Aaron Conole April 16, 2020, 5:07 p.m. UTC | #7
Thomas Monjalon <thomas@monjalon.net> writes:

> 16/04/2020 15:45, Aaron Conole:
>> David Marchand <david.marchand@redhat.com> writes:
>> > On Thu, Apr 16, 2020 at 2:44 PM Aaron Conole <aconole@redhat.com> wrote:
>> >> Thomas Monjalon <thomas@monjalon.net> writes:
>> >>
>> >> > Travis is not reliable for native Arm and PPC:
>> >> > https://travis-ci.community/t/disk-quota-exceeded-on-arm64/7619/6
>> >> >
>> >> > In order to get reliable Travis reports,
>> >> > the use of Arm machines is removed until Travis fixes it.
>> >> >
>> >> > Signed-off-by: Thomas Monjalon <thomas@monjalon.net>
>> >> > ---
>> >>
>> >> We should add back the cross-build if we do this - at least then we
>> >> could have a reliable compilation test of Arm64 code.   Does it make
>> >> sense?
>> >
>> > I don't see them removed by this patch, the two jobs are still present ?
>> 
>> Whoops - for some reason I missed them.  Nevermind :)
>
> So?
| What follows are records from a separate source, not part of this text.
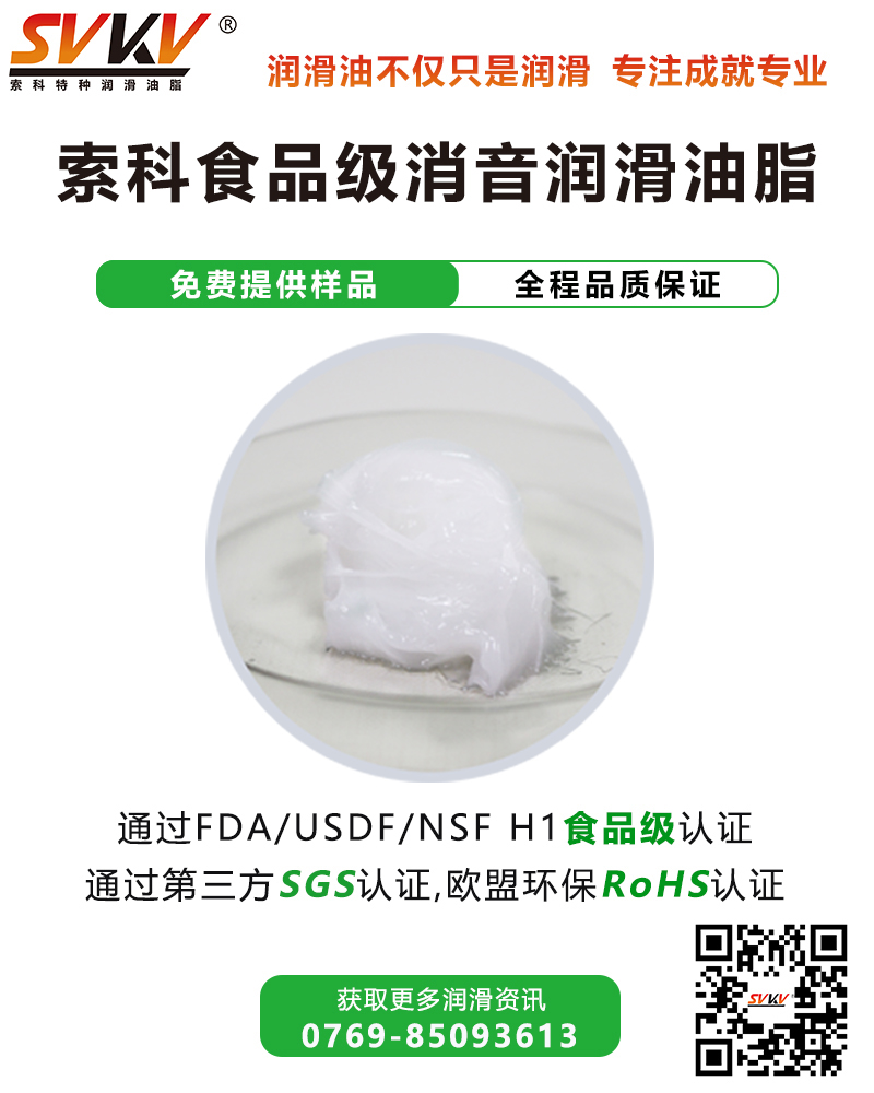 索科SVKV食品級(jí)消音潤(rùn)滑脂符合美國(guó)FDA和USDA的法規(guī)標(biāo)準(zhǔn),并通過(guò)美國(guó)USDA/NSF H-1食品級(jí)認(rèn)證,保障食品安全。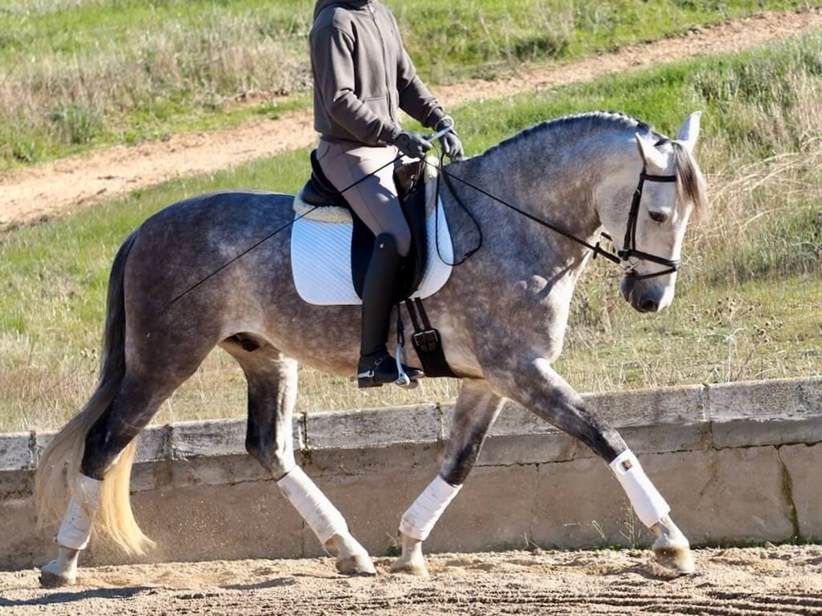 Wir präsentieren ein spektakuläres Exemplar des PRE, einen 2019 geborenen und 1,66 m großen Schimmel, der die Essenz des spanischen Pferdes verkörpert. Er zeichnet sich durch seinen guten Charakter und seine Rittigkeit aus, Eigenschaften, die ihn für Anfänger und Amateure gleichermaßen ideal machen. Seine Vielseitigkeit zeigt sich in der Arena, im Gelände und auf Festen, wo er sich jeder Situation mit Eleganz und Gelassenheit anpasst. Dieser Wallach, der frei von Piroplasmose ist, verspricht, ein zuverlässiger Begleiter für alle zu sein, die Spaß an der Dressur haben und sich weiterentwickeln wollen. Dieses spanische Pferd mit seinem Adel und seiner Ausbildung ist ein Juwel für jeden PRE-Liebhaber.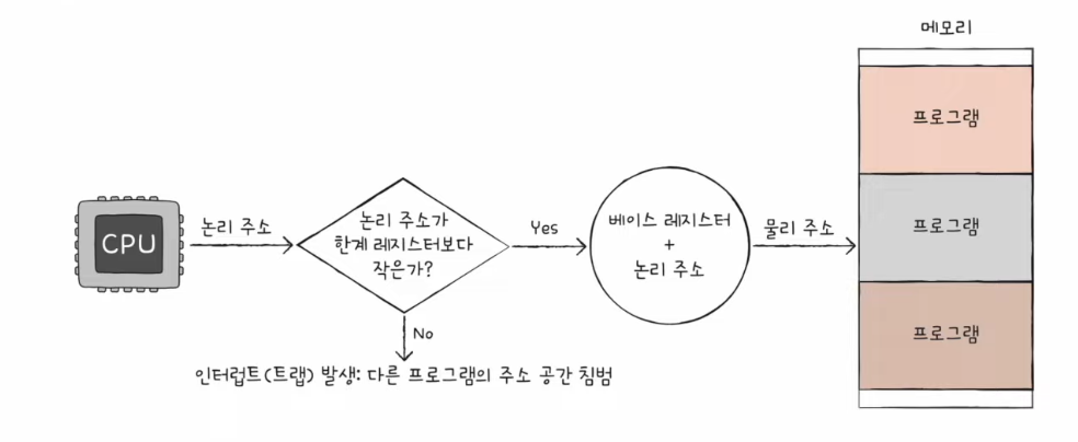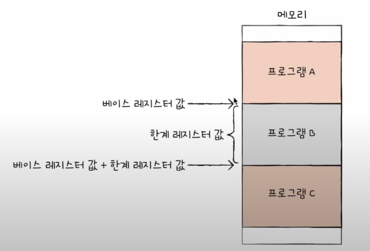 - 베이스 레지스터 값 ≤ 프로그램의 물리 주소 범위 < 베이스 레지스터 + 한계 레지스터 값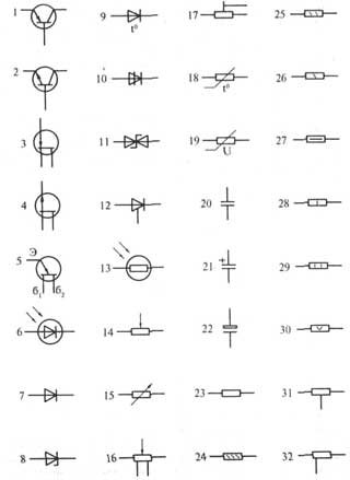 направлении; 11 стабилитрон (диодолавинный выпрямительный) с двусторонней проводимостью, 12 тиристор триодный. 13 фоторезистор, 14 переменный резистор, реостат, общее обозначение, 15 переменный резистор, 16 переменный резистор с отводами, 17 построечный резистор-потенциометр; 18 терморезистор с положительным температурным коэффициентом прямого нагрева (подогрева), 19 варистор, 20 конденсатор постоянной емкости, общее обозначение, 21 конденсатор постоянной емкости поляризованный; 22 конденсатор оксидный поляризованный электролитический, общее обозначение; 23 резистор постоянный, общее обозначение; 24 резистор постоянный с номинальной мощностью 0, 05 Вт; 25 резистор постоянный с номинальной мощностью 0, 125 Вт, 26 резистор постоянный с номинальной мощностью 0, 25 Вт, 27 резистор постоянный с номинальной мощностью 0, 5 Вт, 28 резистор постоянный с номинальной мощностью 1 Вт, 29 резистор постоянный с номинальной мощностью рассеяния 2 Вт, 30 резистор постоянный с номинальной мощностью рассеяния 5 Вт; 31 резистор постоянный с одним симметричным дополнительным отводом; 32 резистор постоянный с одним несимметричным дополнительным отводом;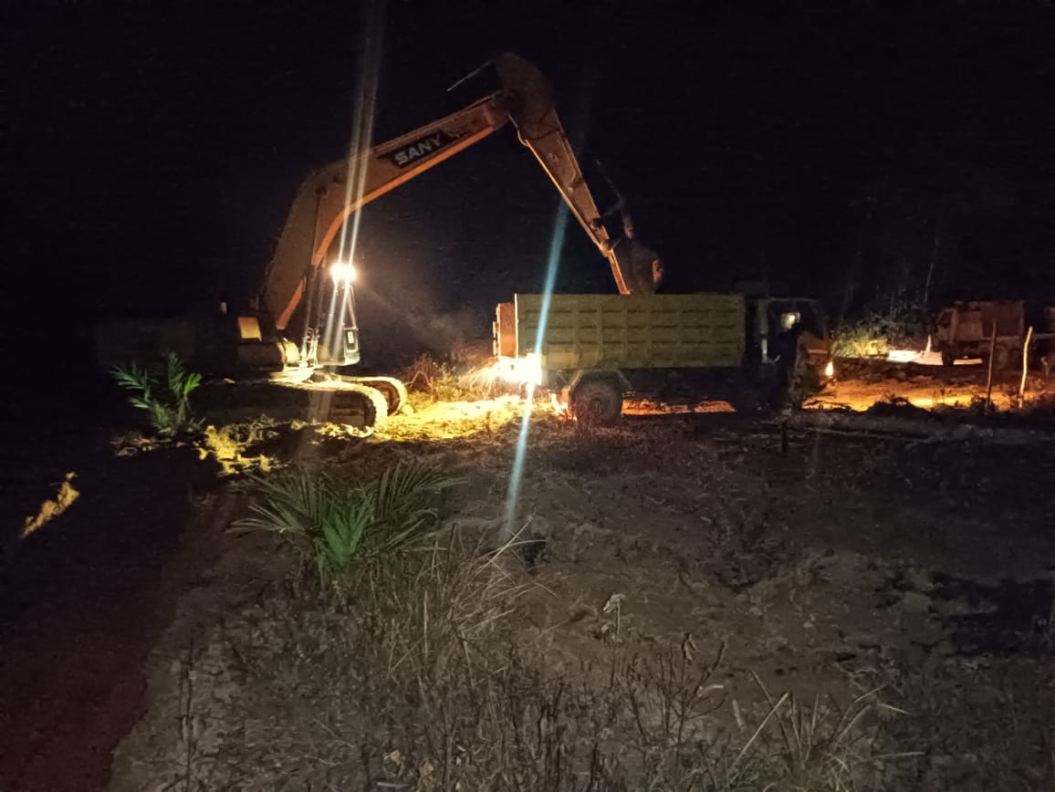 Guna memastikan seluruh target fisik selesai tepat waktu, personel Satgas bersama warga setempat melaksanakan kerja lembur hingga malam hari pada proyek pembangunan infrastruktur jalan.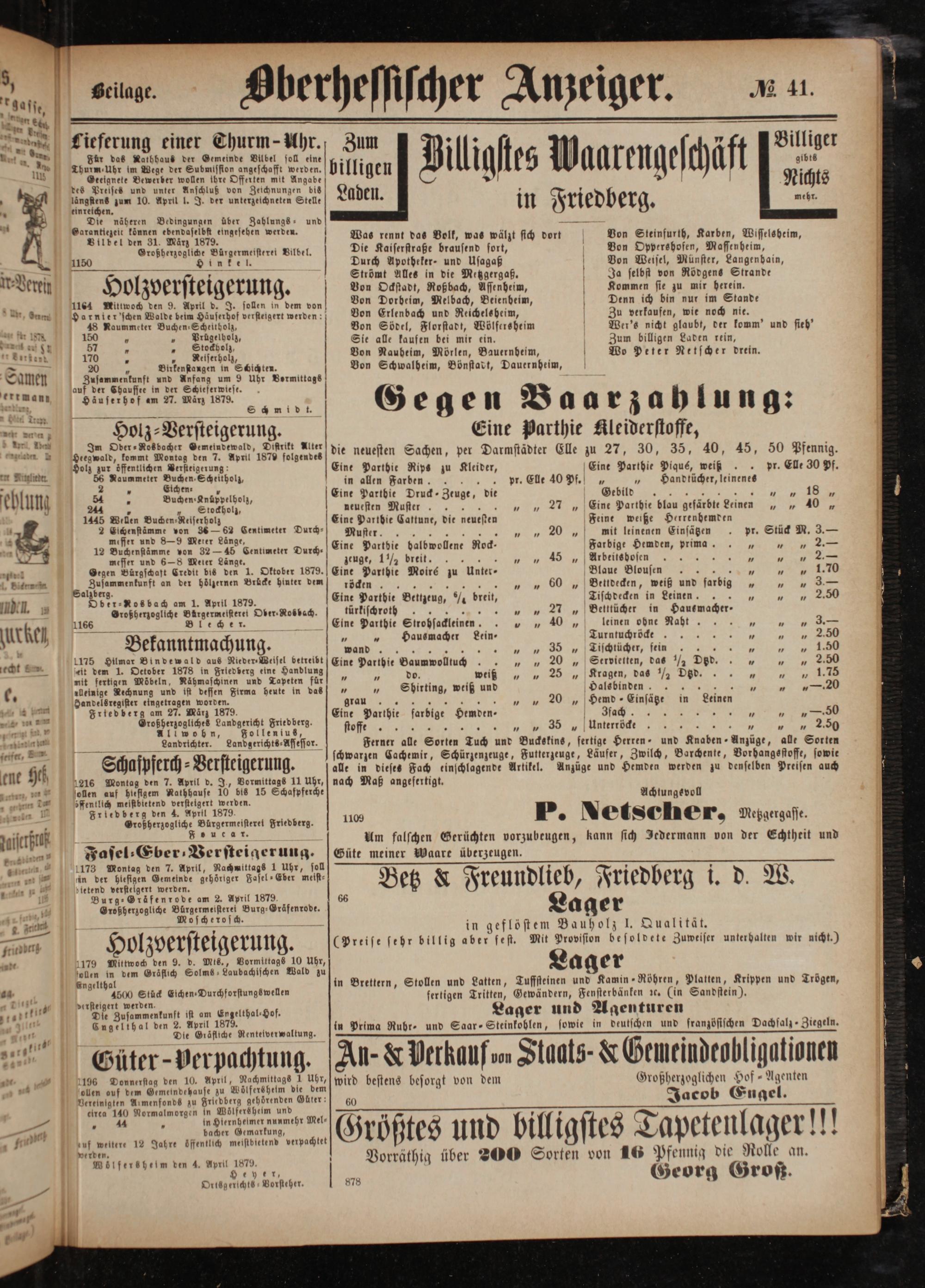 Bekanntmachung. 1175 Hümar Bindewald aus Nieder⸗Weisel betreibt eit dem 1. October 1878 in Friedberg eine Handlung nit fertigen Möbeln, Nähmaschinen und Tapeten für alleinige Rechnung und ist dessen Firma heute in das Handels register eingetragen worden.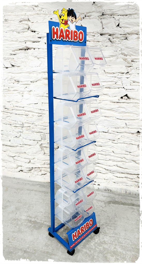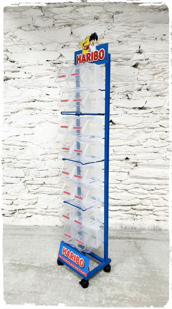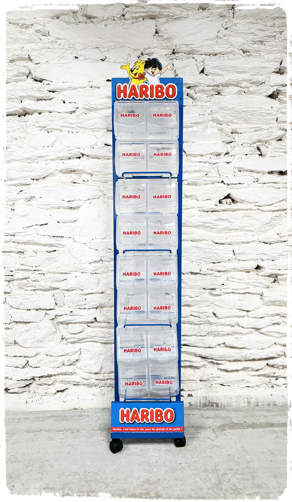Grand présentoir, étagère publicitaire sur roulettes Haribo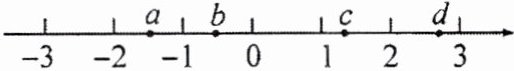 9. 有理数 $ a,b,c,d $ 在数轴上的对应点的位置如图所示,则 $ abc $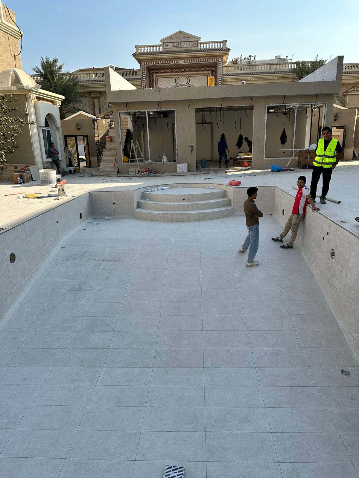- تركيب السيراميك أو البلاط: يتم تركيب البلاط أو السيراميك الخاص بالمسابح على الجدران والأرضيات باستخدام مواد لاصقة مقاومة للماء والمواد الكيميائية. تتطلب هذه المرحلة دقة عالية في القياس والتركيب.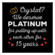Diseño divertido, perfecto para todo aquel que haya estado casado durante 15 años y para una ceremonia de renovación de la promesa boda. ¡Es un gran conjunto para las parejas! 'Cristalino? Merecemos Platinum por aguantarse la cita de 15 años para una pareja que se casó hace 15 años o una pareja que renueva los votos bodas en su aniversario de cristal. ¿Eres un marido o una mujer romántica? ¡Acentúa tu estilo con este arte! Gran regalo para tu amigo que se casó hace 15 años, esposo o esposa de 15 años, o papá y mamá celebrando su décimo quinto aniversario de boda.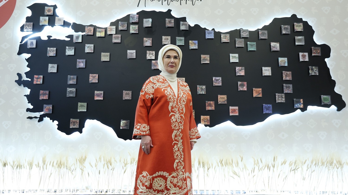 Emine Erdoğan, burada yaptığı konuşmada, haziran ayında Anadolu'nun hikayesini tüm dünyaya anlatmak üzere bir yola çıktıklarını hatırlatarak, bugün, bu anlamlı yolculuğun başka bir durağında bir araya geldiklerini söyledi.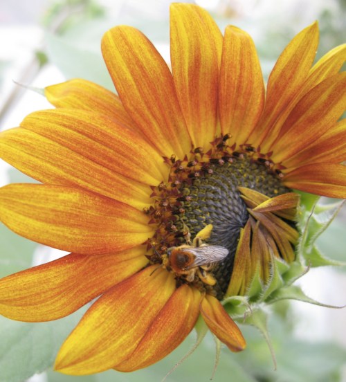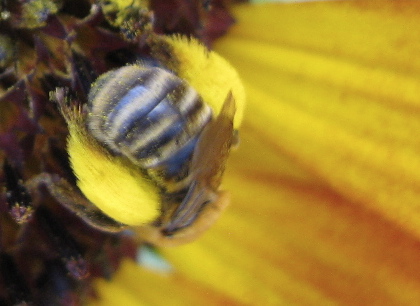 A solitary bee. There are more than a dozen species in New York. Sunflowers are one of their main food sources.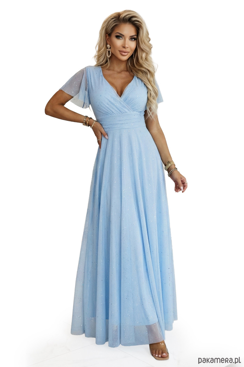 Ta błękitna sukienka maxi to szybki sposób na efekt „wow” bez przekombinowania. Kopertowy dekolt pięknie podkreśla biust, a zaznaczona talia modeluje sylwetkę i dodaje lekkości w ruchu. Subtelne drobinki połysku sprawiają, że wyglądasz świeżo i elegancko - od pierwszego kroku na salę.

Acked?

Yes,

Acked-by: Aaron Conole <aconole@redhat.com>
  
Aaron Conole April 16, 2020, 5:08 p.m. UTC | #8
Honnappa Nagarahalli <Honnappa.Nagarahalli@arm.com> writes:

> <snip>
>
>> Subject: Re: [PATCH] ci: remove aarch64 from Travis jobs
>> 
>> 16/04/2020 15:45, Aaron Conole:
>> > David Marchand <david.marchand@redhat.com> writes:
>> > > On Thu, Apr 16, 2020 at 2:44 PM Aaron Conole <aconole@redhat.com>
>> wrote:
>> > >> Thomas Monjalon <thomas@monjalon.net> writes:
>> > >>
>> > >> > Travis is not reliable for native Arm and PPC:
>> > >> > https://travis-ci.community/t/disk-quota-exceeded-on-arm64/7619/6
> Thanks David for creating the ticket. Will escalate this through our
> contacts at Travis CI, hopefully it can be resolved soon.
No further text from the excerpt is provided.